Robot Wars: A fault Lines report from AlJazeera
This type of briefing tends to glamourise weapony, the Amnesty International film ‘precisely wrong’ found on the decommissioners link (video drones) gives a more stark truth about UAV’s.
Wandering Raven reports that the MOD is giving BAE Systems £40m to continue development of drone technology. The UK drones strategy appears to be floundering, it hasn’t produced commercial success in the face of Israeli and American competition, and now a range of drones are being manufactured in many places around the world. Apparently BAE now needs the public to pay for its research programmes in order to be persuaded to continue to research and develop drones.
BAE Systems Advanced Technology Centre is in Bristol and recently sent a prototype unmanned ground vehicle to Oxford University as part of a joint research project.
Chris Coles of Drones Wars has prepared a summary of developments in this growing area of the military in 2011.

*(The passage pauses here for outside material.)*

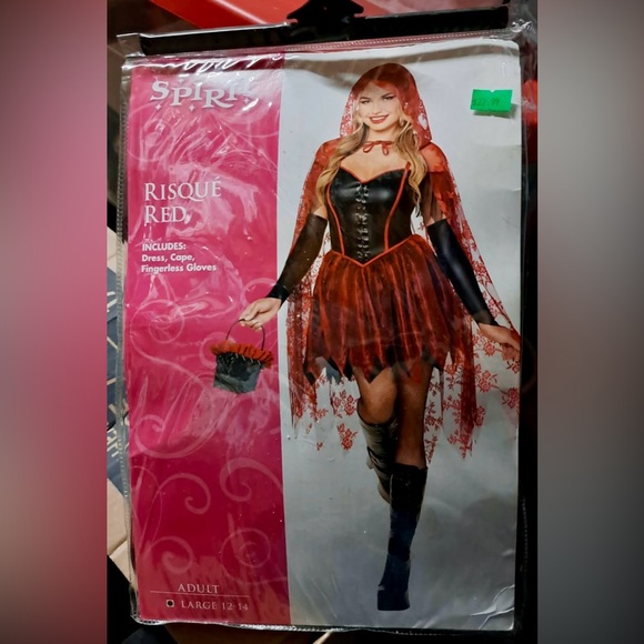 Bold red costume with black accents. Includes dress, cape, and fingerless gloves. Perfect for a striking look.
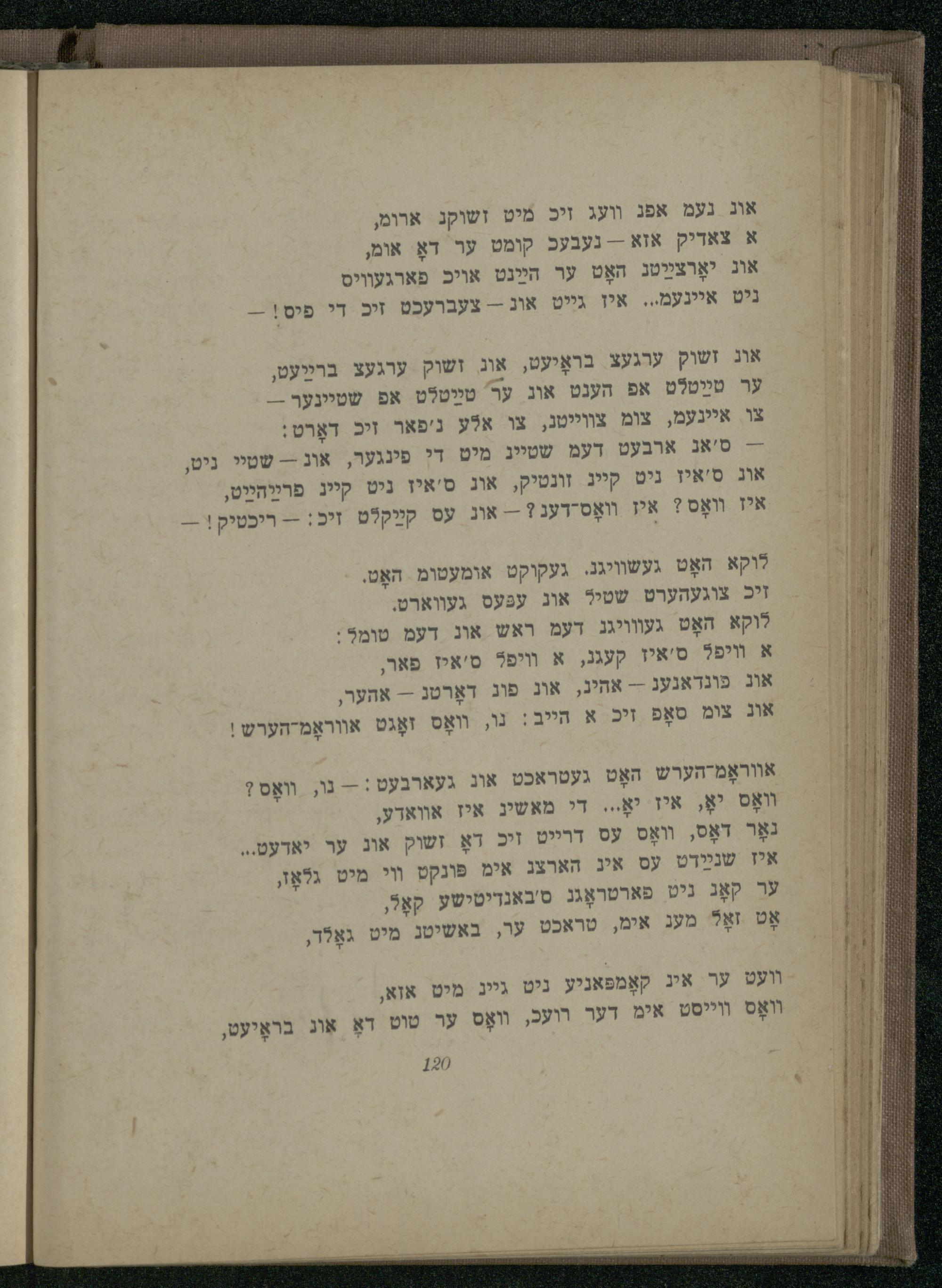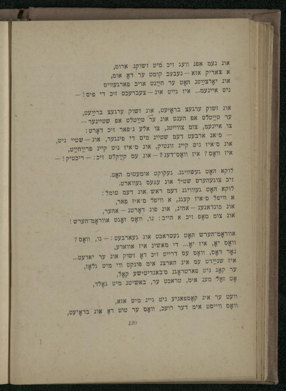 גאָר דאָס, װאָס עס דרייט זיכ דאָ זשוק אוג ער יאדעט... איז שנײַדט עס אינ הארצג אימ פּונקט װי מיט גלאָז, ער קאָג ניט פארטראָגג ס'באנדיטישע קאָל,

For example: UK MoD Signs Contract for Nano Drones
The MoD has signed a contract for up to 100 tiny ‘nano’ drones with Marlborough Communications Limited and Prox Dynamics. The contract, which may be worth up to £20 million, is for the tiny Black Hornet drone.
In March when the potential contract was revealed, the tender notice stated that the he drones should be available “off the shelf”, powered by a rotary wing, weigh less than 1.7kg,and able to operate in “typical conditions found in Afghanistan and the UK”. As the Guardian reported at the time “The note about their use in Britain is thought to refer to training flights at RAF and military bases in the UK before deployment abroad. But other security agencies could also find a use for the NUAS in the UK.”
Drone Campaign Network member Noel Sharkey, professor of artificial intelligence and robotics at Sheffield University, told the Guardian: “At that weight they are likely to be blown away by the wind. They wouldn’t be carrying weapons. My worry would be that the police end up using them.”